§ Work instructions: Copy exactly. Include the line containing "Jude, an art", every line after it, and the last line below, but no pictures.

§ Material for this task:
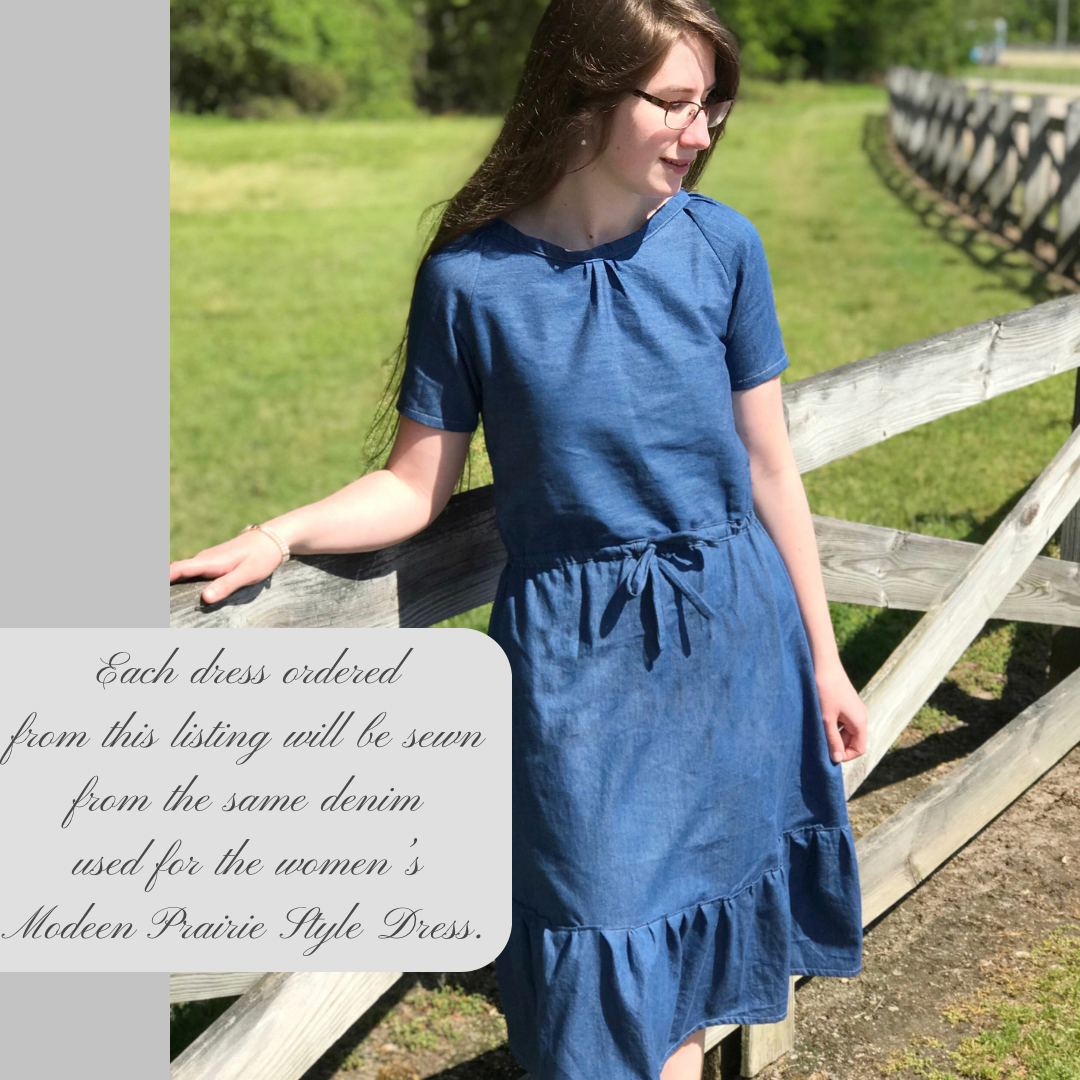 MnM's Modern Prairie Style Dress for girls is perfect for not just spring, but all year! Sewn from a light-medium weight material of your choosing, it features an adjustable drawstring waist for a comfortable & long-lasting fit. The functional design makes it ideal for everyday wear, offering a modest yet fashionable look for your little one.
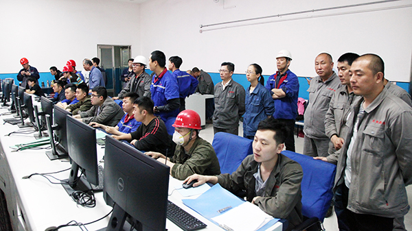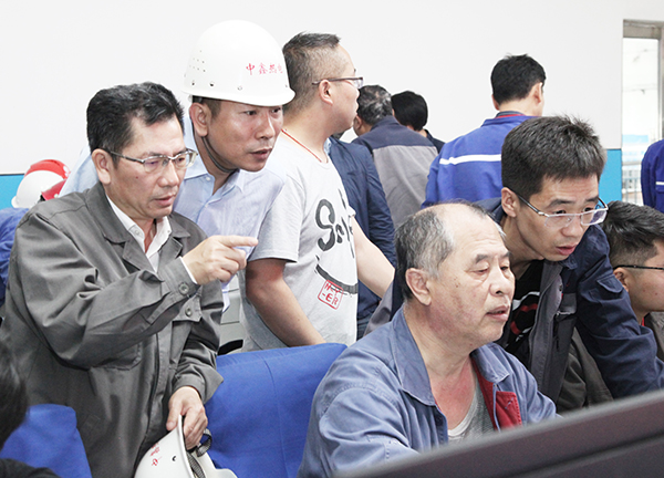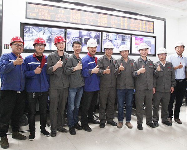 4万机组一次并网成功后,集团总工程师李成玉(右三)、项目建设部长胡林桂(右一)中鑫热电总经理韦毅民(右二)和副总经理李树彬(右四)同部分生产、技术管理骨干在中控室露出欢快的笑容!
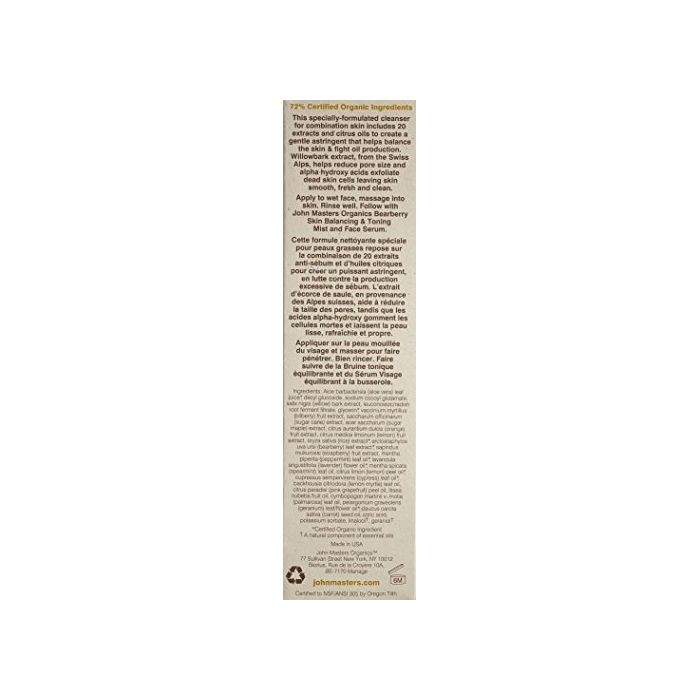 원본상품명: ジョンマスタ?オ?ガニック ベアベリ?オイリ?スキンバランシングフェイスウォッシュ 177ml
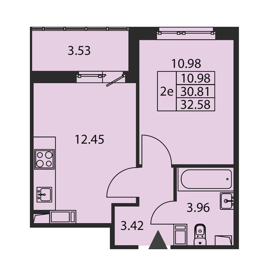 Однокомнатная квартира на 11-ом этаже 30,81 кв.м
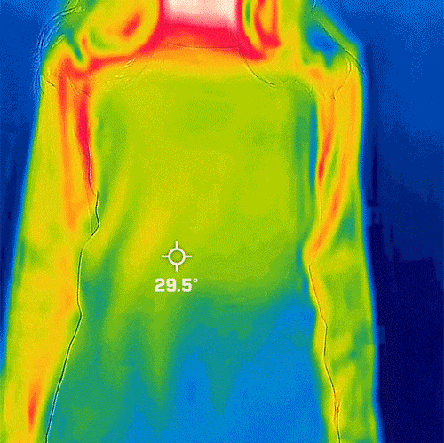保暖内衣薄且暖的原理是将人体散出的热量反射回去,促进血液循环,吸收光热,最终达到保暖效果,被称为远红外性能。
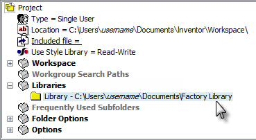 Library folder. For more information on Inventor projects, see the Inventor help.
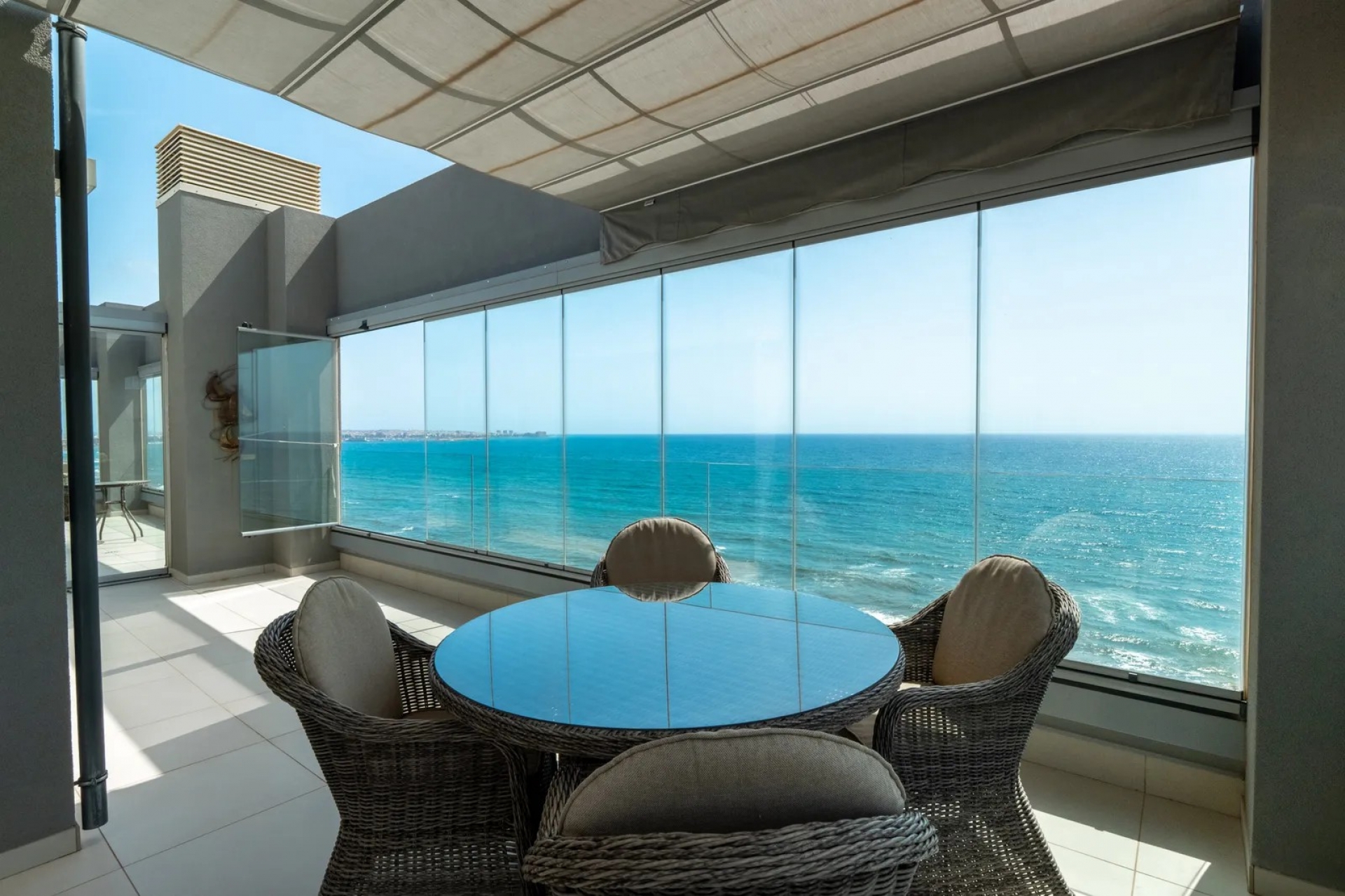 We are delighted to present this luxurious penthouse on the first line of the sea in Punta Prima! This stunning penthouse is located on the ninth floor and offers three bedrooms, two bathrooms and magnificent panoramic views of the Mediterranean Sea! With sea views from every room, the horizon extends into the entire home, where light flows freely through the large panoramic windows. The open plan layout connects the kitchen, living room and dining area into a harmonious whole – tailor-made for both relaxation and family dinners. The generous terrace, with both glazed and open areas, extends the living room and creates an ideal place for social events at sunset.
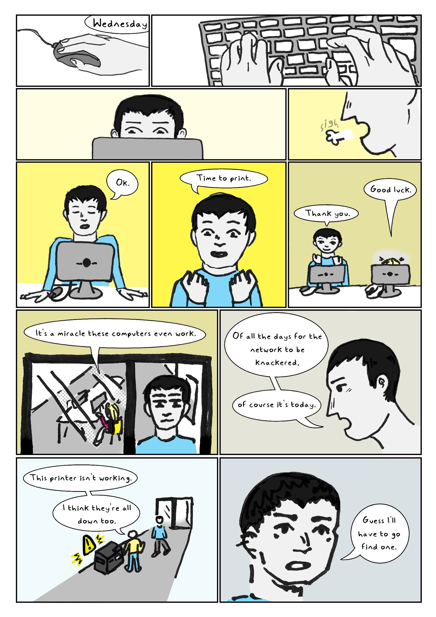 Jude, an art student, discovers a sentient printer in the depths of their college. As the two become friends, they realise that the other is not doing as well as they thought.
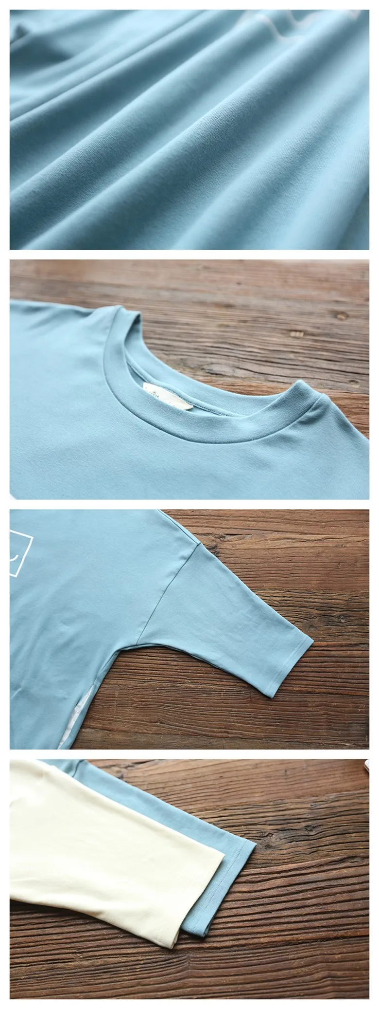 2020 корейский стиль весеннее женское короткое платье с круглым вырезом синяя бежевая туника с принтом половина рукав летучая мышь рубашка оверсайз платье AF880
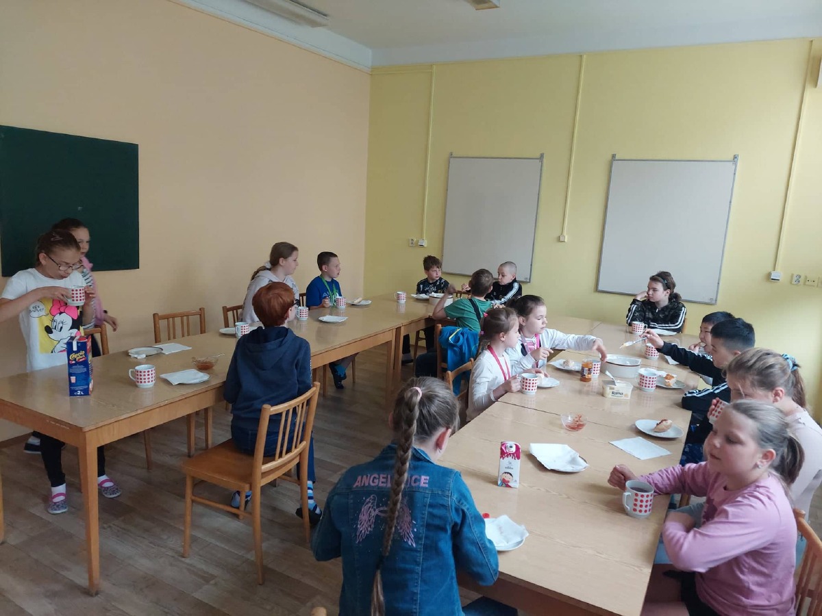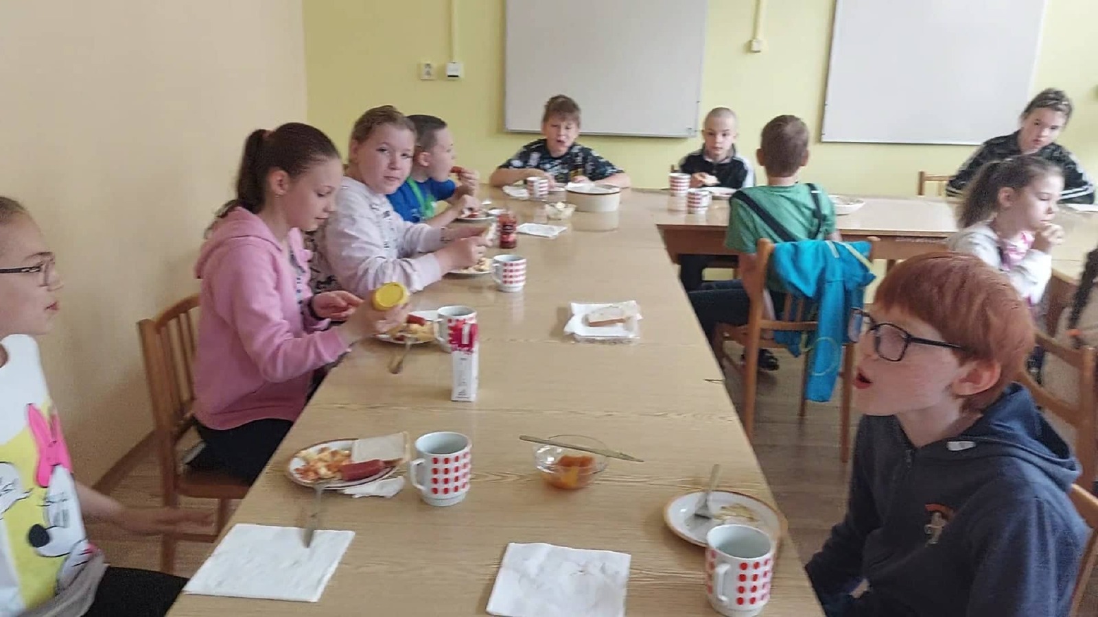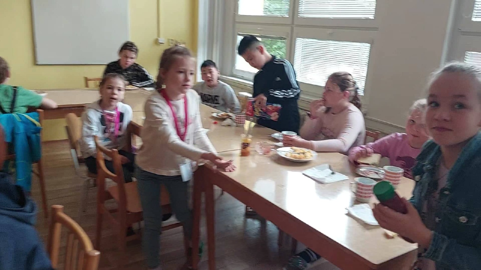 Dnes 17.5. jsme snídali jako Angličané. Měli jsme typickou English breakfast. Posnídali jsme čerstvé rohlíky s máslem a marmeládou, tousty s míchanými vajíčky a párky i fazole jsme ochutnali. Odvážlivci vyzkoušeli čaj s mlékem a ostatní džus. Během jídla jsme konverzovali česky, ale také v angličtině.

§ Completed task:
 Jude, an art student, discovers a sentient printer in the depths of their college. As the two become friends, they realise that the other is not doing as well as they thought.
 2020 корейский стиль весеннее женское короткое платье с круглым вырезом синяя бежевая туника с принтом половина рукав летучая мышь рубашка оверсайз платье AF880
 Dnes 17.5. jsme snídali jako Angličané. Měli jsme typickou English breakfast. Posnídali jsme čerstvé rohlíky s máslem a marmeládou, tousty s míchanými vajíčky a párky i fazole jsme ochutnali. Odvážlivci vyzkoušeli čaj s mlékem a ostatní džus. Během jídla jsme konverzovali česky, ale také v angličtině.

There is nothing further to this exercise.